▶ **TO DO**: Return, exactly and in full, the lines of the records below starting at the one with "Čas je relativen." and ending at the one with "德绒恒温无痕速暖V领套装男秋冬季弹力大码修身秋衣秋...", and no other lines.

▶ **RECORDS SHOWN**:

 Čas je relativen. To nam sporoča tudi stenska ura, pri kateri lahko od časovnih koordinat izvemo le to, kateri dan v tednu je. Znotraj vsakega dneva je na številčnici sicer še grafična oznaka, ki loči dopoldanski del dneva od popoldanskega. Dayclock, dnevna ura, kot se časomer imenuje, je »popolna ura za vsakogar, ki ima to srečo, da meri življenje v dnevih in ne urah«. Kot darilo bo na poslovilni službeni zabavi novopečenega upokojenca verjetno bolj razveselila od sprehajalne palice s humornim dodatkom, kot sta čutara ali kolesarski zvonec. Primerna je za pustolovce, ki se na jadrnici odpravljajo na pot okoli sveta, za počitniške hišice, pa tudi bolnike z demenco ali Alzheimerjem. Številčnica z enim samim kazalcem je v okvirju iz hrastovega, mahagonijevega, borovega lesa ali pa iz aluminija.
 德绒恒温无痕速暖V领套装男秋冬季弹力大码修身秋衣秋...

---

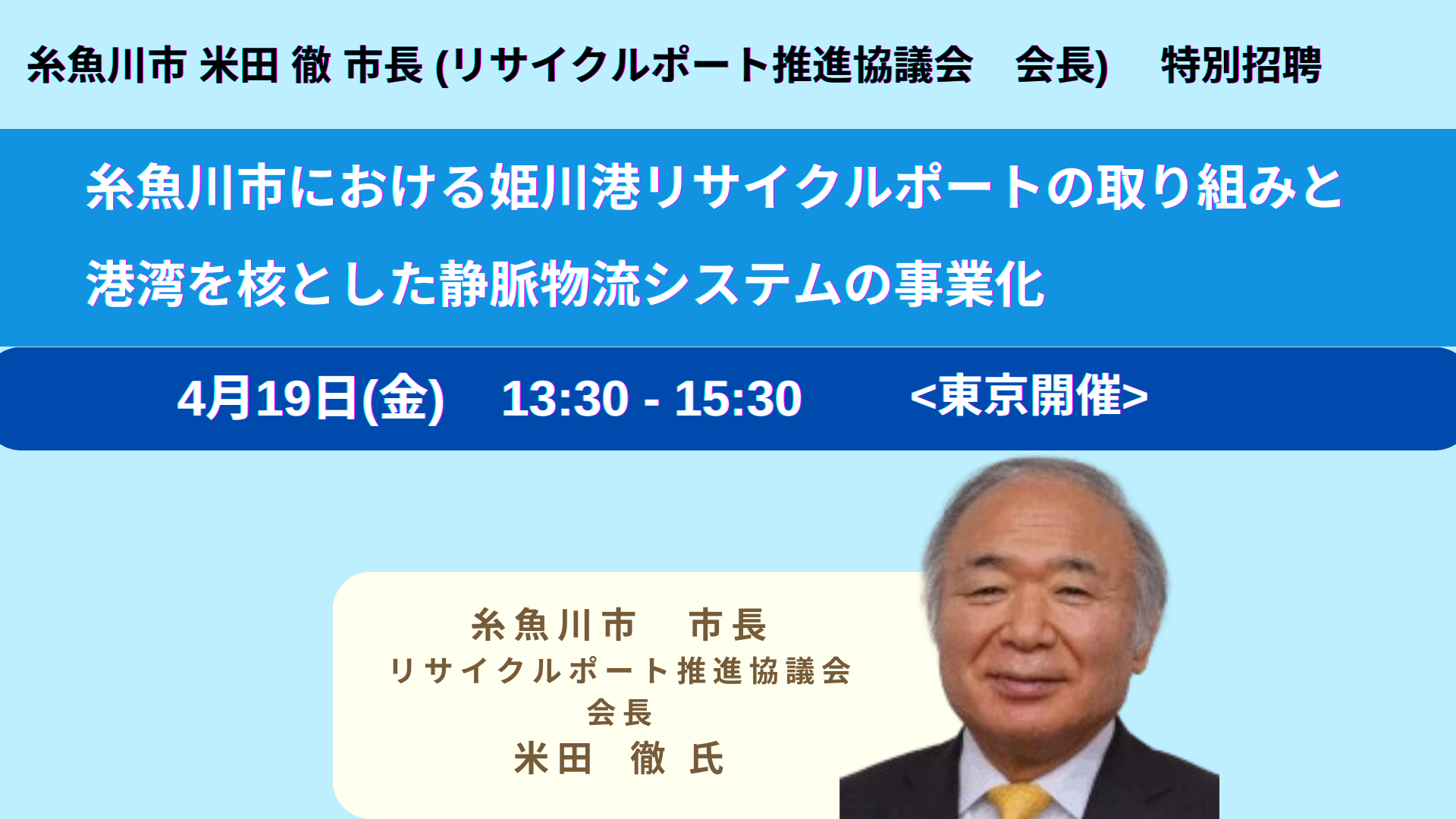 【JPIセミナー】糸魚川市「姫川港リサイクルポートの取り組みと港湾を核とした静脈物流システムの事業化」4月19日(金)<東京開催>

▶ **WRITTEN ANSWER**:
 Čas je relativen. To nam sporoča tudi stenska ura, pri kateri lahko od časovnih koordinat izvemo le to, kateri dan v tednu je. Znotraj vsakega dneva je na številčnici sicer še grafična oznaka, ki loči dopoldanski del dneva od popoldanskega. Dayclock, dnevna ura, kot se časomer imenuje, je »popolna ura za vsakogar, ki ima to srečo, da meri življenje v dnevih in ne urah«. Kot darilo bo na poslovilni službeni zabavi novopečenega upokojenca verjetno bolj razveselila od sprehajalne palice s humornim dodatkom, kot sta čutara ali kolesarski zvonec. Primerna je za pustolovce, ki se na jadrnici odpravljajo na pot okoli sveta, za počitniške hišice, pa tudi bolnike z demenco ali Alzheimerjem. Številčnica z enim samim kazalcem je v okvirju iz hrastovega, mahagonijevega, borovega lesa ali pa iz aluminija.
 德绒恒温无痕速暖V领套装男秋冬季弹力大码修身秋衣秋...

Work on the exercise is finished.